With all due respect, we need to stop deluding ourselves, rhetorically, statistically, and otherwise, if the Green Party is ever to amount to anything. "Tell no lies, claim no easy victories."
Howie Hawkins talks about "Greens" as if he speaks of a singular, unified, ideologically-homogeneous polity-cum-political party, That's a falsehood. The Green Party US is a federation of under 50 state-level parties lacking any sort of ideological, strategic, or even basic discursive coordination. I live in RI, a state that is 50 miles by 40 miles, and I have zero clue about what the Massachusetts and Connecticut parties are up to. Never heard from them once during the campaign, never have seen an update from their leadership provided by an inter-party bulletin, absolutely no idea what they are doing. If the Greens want to actually get elected to federal office in a fashion that would shift things, they need to not just elect one or two candidates, they need to run AN ENTIRE SLATE NATIONWIDE WITH A UNIFIED AGENDA AND PROGRAM! I see no interstate infrastructure in place to facilitate that sort of campaign. The Progressive caucus of the Democrats has 95 seats in the House, 1 in the Senate, and they are brushed aside as an utterly annoying pest by Schumer and Pelosi.

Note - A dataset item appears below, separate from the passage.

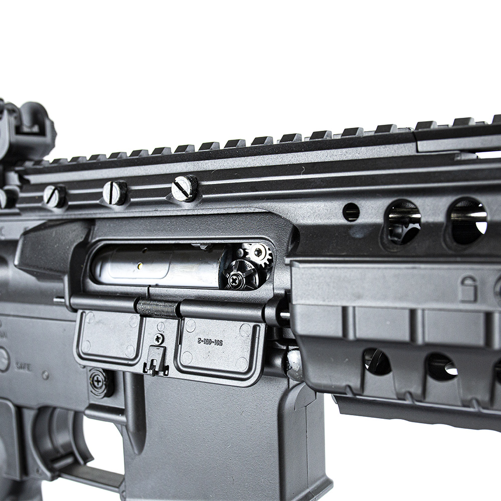Seletor de disparos destro com modo safe, semi-automático e full automático.

If a single Green were to be elected to the House without other Greens, they would rapidly be compelled to either behave like Bernie Sanders, outright switch affiliation to the Democrats, or flounder after a single term due to inability to pass legislation that "brings home the bacon."
In spring/summer 2020, multiple state Green Parties and candidates actively sought to thwart the Hawkins-Walker ticket. The RI party, a bastion of the Cobb 2004 faction, issued a hyperbolic press release about how they would not be responsible for siphoning votes from Biden and urged all Greens to "vote blue no matter who" (the laughable fact that the state is dependably Democratic seemed to slip their minds). Alaska's even more dysfunctional party tried to nominate Jesse Ventura and Cynthia McKinney, both of whom have rather dubious political orientations at this juncture. Dario Hunter, who failed to gain the nomination, ran an independent presidential bid after the Green convention, claiming that the nomination was corrupt and illegitimate (or some such nonsense).
Those two matters should obviate the objective reality and material circumstances the Greens have to face: Until it builds itself into a cohesive nationally-unified party that adheres to a basic platform and has a modicum of inter-state coordination for federal office candidates, their candidates will remain little more than gimmicks and their discombobulated state parties will continue to make believe they are a single unified national party.
Say what you will about securing ballot lines, restrictive access laws, and all the rest, here's the objective reality: Both the Debs-era Socialists and the Depression-era Communists spent multiple election cycles solely focused on organizing in their communities before running for office. Debs had been organizing and leading labor unions for decades, including stints in jail for his role in railroad strikes that gained him nationwide recognition, BEFORE he ran for president. The Communists likewise had built both the CIO and community activism hubs in preparation for their presidential runs. They knew that their presidential candidates could serve as hubs for people to rally around as part of a larger base building strategy. There was no substantial, cohesive, multi-state, coordinated Green base equivalent to the Socialist or Communist base prior to 2019-20.
That is not Marxist, socialist, or even sanity, it is a delusion of grandeur in service of a refusal to make substantive institutional changes to a political party whose foundation was always predicated upon a marriage of convenience between dissident liberals and various New Left tendencies/polities.